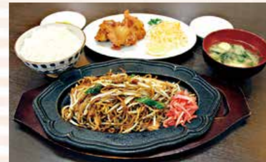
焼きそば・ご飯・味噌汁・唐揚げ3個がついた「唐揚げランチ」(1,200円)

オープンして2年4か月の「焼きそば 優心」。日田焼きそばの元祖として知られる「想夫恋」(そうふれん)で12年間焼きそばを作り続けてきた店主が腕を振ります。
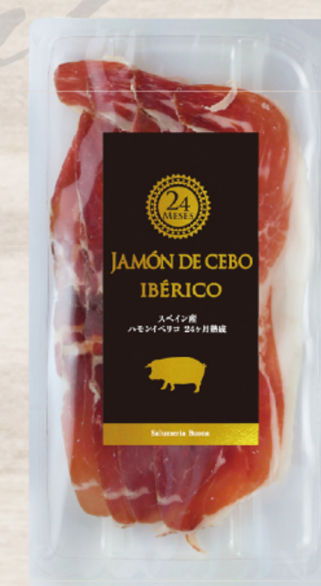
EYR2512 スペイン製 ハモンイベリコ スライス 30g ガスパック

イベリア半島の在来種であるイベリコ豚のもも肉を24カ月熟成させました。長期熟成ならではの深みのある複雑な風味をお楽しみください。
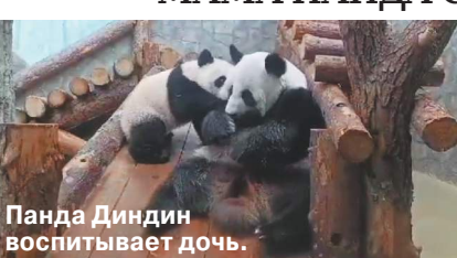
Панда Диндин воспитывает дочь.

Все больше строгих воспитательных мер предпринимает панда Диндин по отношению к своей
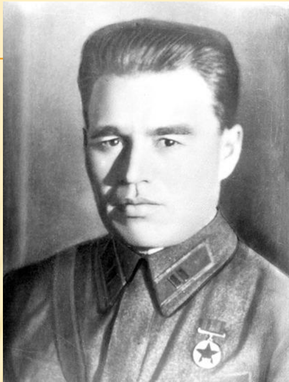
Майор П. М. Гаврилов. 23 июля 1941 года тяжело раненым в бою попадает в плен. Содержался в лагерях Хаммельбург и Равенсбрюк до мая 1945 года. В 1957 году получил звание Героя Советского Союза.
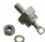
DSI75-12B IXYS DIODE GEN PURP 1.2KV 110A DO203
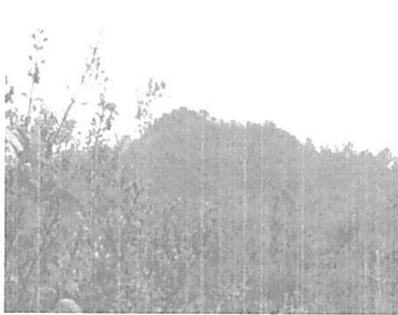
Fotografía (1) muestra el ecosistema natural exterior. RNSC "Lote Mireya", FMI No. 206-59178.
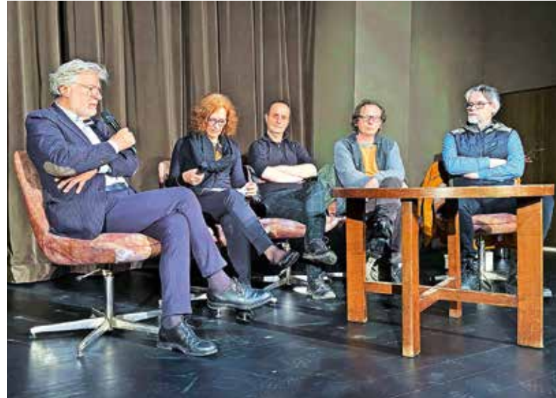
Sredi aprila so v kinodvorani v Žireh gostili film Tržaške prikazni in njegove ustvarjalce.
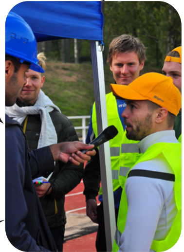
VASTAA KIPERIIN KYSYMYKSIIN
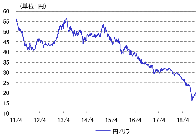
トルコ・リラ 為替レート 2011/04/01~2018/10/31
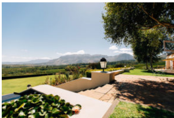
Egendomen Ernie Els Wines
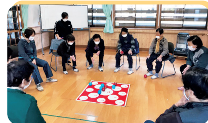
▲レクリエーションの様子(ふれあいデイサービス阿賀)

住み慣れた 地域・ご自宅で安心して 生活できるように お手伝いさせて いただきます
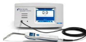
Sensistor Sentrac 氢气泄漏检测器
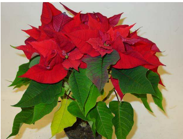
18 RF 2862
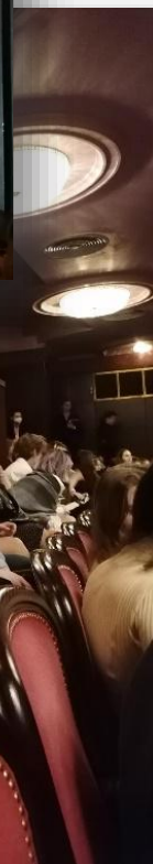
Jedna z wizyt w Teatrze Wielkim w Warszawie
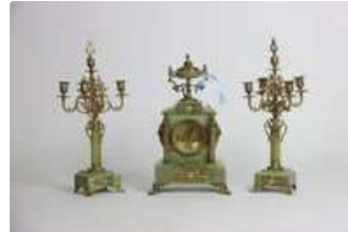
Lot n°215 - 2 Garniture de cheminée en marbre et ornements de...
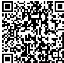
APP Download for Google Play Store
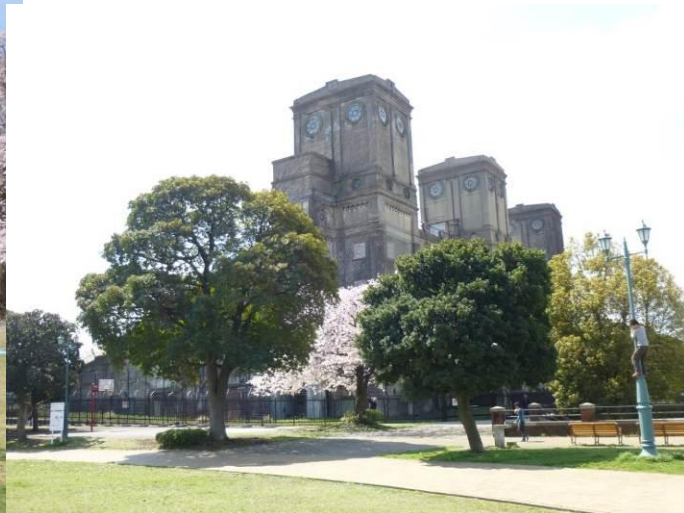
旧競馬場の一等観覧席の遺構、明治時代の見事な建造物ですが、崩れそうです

• **HOW TO COMPLETE THIS TASK**
Write out exactly the lines from the one that contains "Jedna z wizyt w Teatrze Wielkim w Warszawie" through the last line of the data above, both included. Leave every picture out.

• **TASK ANSWER**
Jedna z wizyt w Teatrze Wielkim w Warszawie
Lot n°215 - 2 Garniture de cheminée en marbre et ornements de...
APP Download for Google Play Store
旧競馬場の一等観覧席の遺構、明治時代の見事な建造物ですが、崩れそうです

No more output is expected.